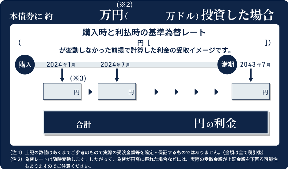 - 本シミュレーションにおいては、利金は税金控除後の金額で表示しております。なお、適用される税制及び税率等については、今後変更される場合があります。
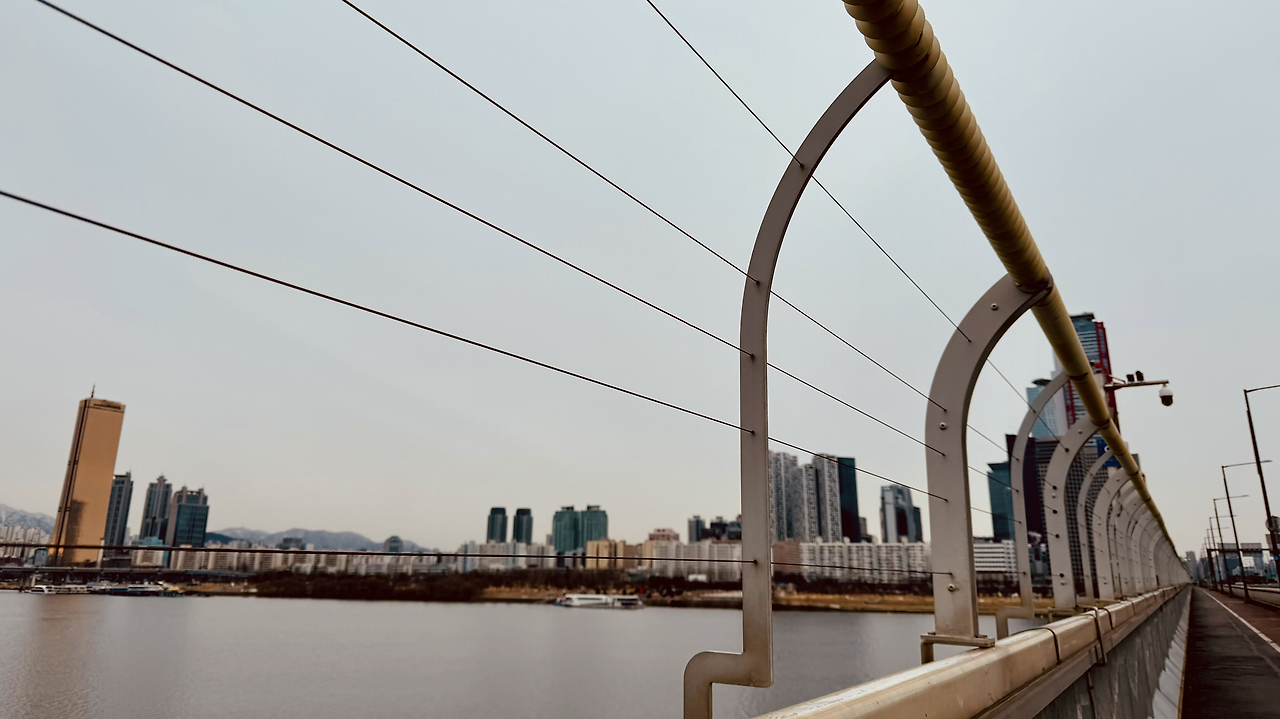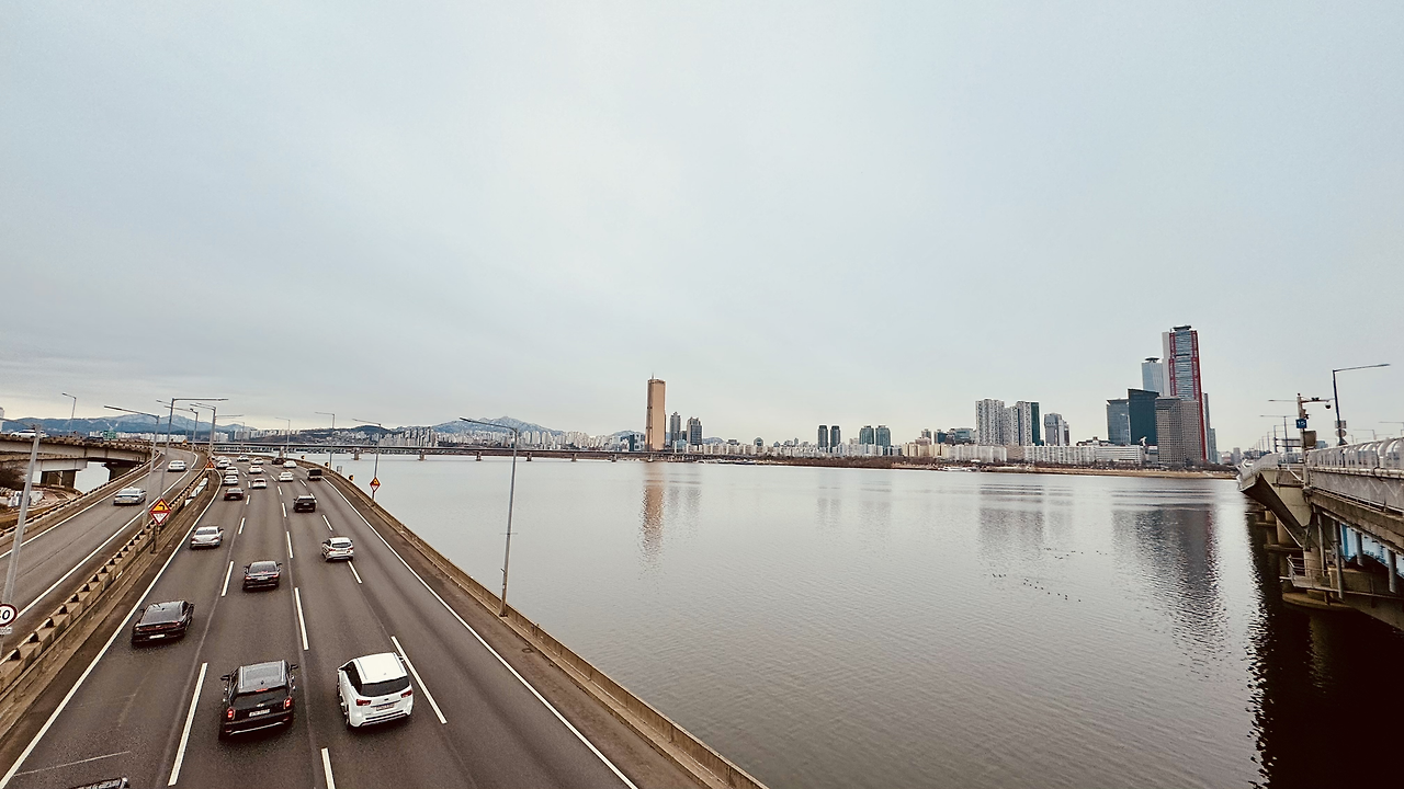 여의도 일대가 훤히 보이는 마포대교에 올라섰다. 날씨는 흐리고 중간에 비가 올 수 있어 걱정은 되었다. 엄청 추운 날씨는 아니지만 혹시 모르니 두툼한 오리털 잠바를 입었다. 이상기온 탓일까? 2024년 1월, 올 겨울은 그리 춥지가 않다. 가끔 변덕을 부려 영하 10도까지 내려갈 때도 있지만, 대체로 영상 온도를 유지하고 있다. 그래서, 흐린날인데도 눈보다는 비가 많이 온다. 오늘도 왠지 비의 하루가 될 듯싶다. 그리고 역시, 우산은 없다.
...
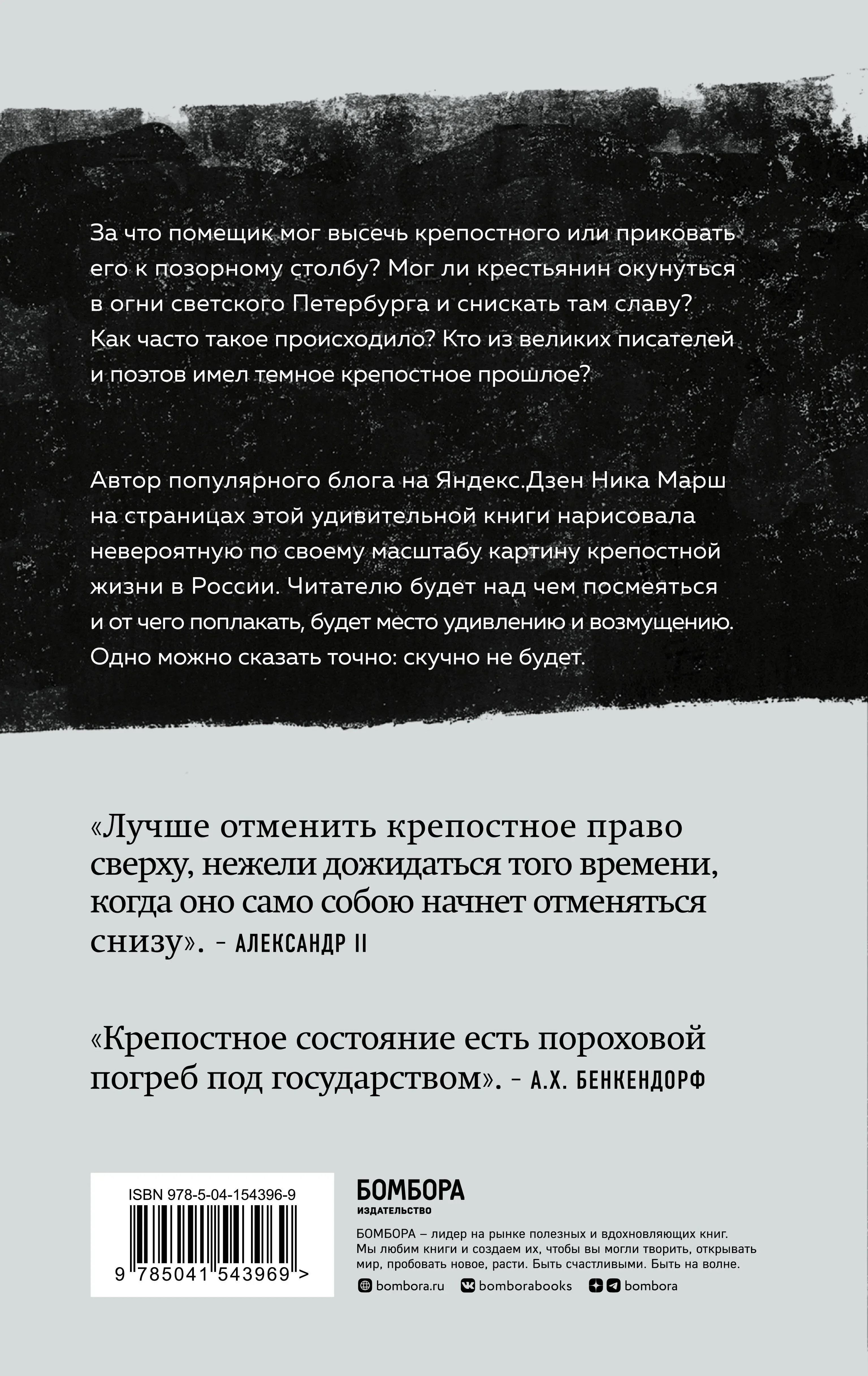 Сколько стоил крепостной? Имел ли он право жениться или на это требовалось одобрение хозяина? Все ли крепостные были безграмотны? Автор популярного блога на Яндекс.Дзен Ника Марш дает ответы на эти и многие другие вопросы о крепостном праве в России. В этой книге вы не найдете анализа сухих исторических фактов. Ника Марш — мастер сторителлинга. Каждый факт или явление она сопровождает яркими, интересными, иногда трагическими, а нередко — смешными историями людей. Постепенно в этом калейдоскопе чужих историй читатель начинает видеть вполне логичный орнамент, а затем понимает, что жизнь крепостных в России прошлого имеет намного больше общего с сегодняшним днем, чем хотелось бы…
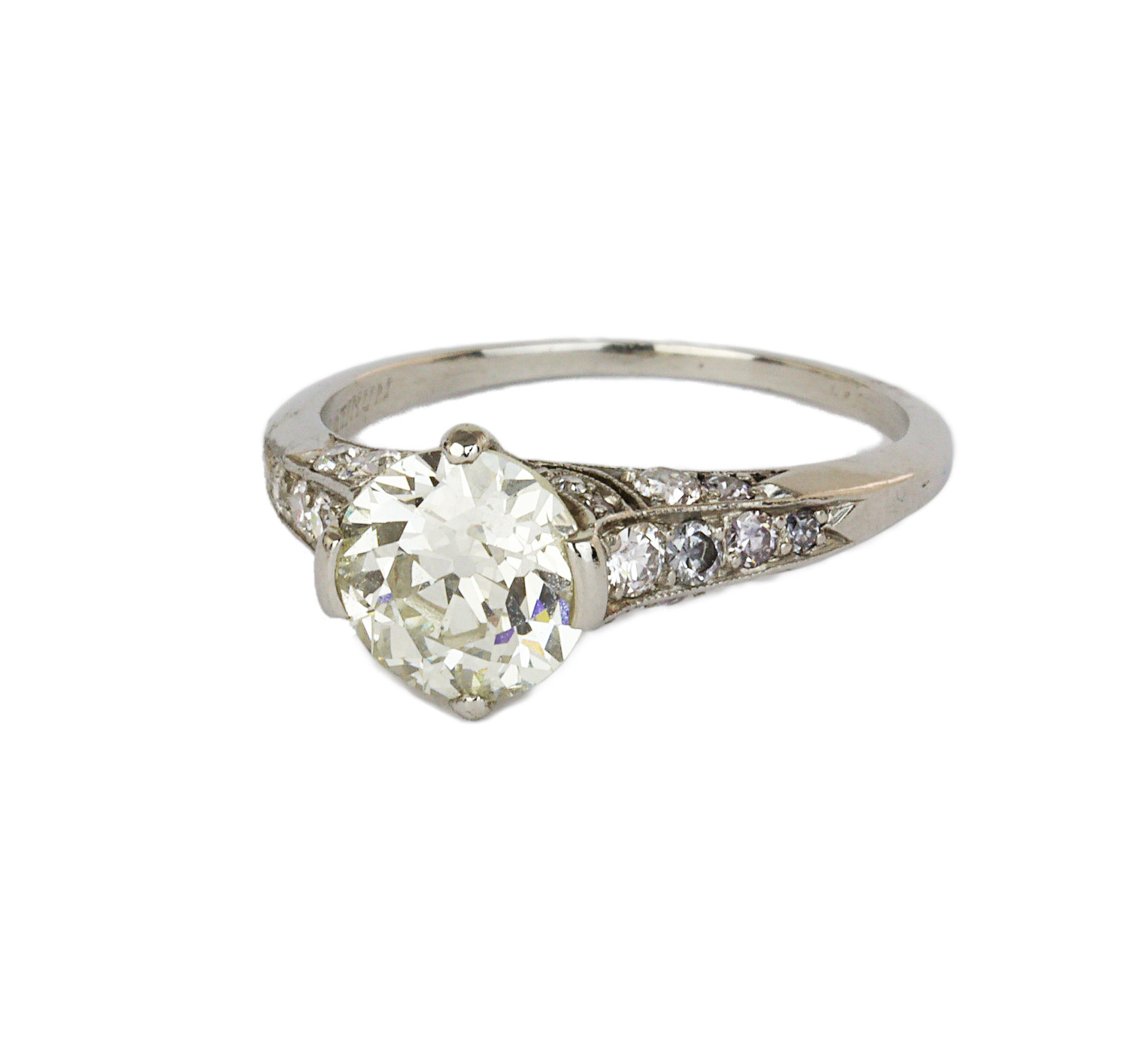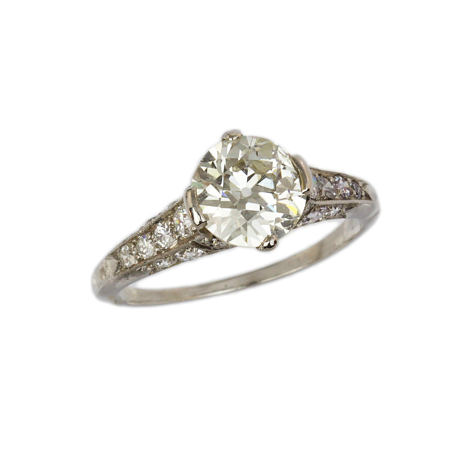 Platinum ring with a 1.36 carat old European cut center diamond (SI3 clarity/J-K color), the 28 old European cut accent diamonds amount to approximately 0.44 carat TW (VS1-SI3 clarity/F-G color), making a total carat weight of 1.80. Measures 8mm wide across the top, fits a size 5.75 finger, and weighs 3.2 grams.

TASK DESCRIPTION:
Give exactly the lines above that run from the line with "Сколько стоил крепостной?" to the line with "Platinum ring with", both included, leaving every picture out.

RESPONSE AREA:
 Сколько стоил крепостной? Имел ли он право жениться или на это требовалось одобрение хозяина? Все ли крепостные были безграмотны? Автор популярного блога на Яндекс.Дзен Ника Марш дает ответы на эти и многие другие вопросы о крепостном праве в России. В этой книге вы не найдете анализа сухих исторических фактов. Ника Марш — мастер сторителлинга. Каждый факт или явление она сопровождает яркими, интересными, иногда трагическими, а нередко — смешными историями людей. Постепенно в этом калейдоскопе чужих историй читатель начинает видеть вполне логичный орнамент, а затем понимает, что жизнь крепостных в России прошлого имеет намного больше общего с сегодняшним днем, чем хотелось бы…
 Platinum ring with a 1.36 carat old European cut center diamond (SI3 clarity/J-K color), the 28 old European cut accent diamonds amount to approximately 0.44 carat TW (VS1-SI3 clarity/F-G color), making a total carat weight of 1.80. Measures 8mm wide across the top, fits a size 5.75 finger, and weighs 3.2 grams.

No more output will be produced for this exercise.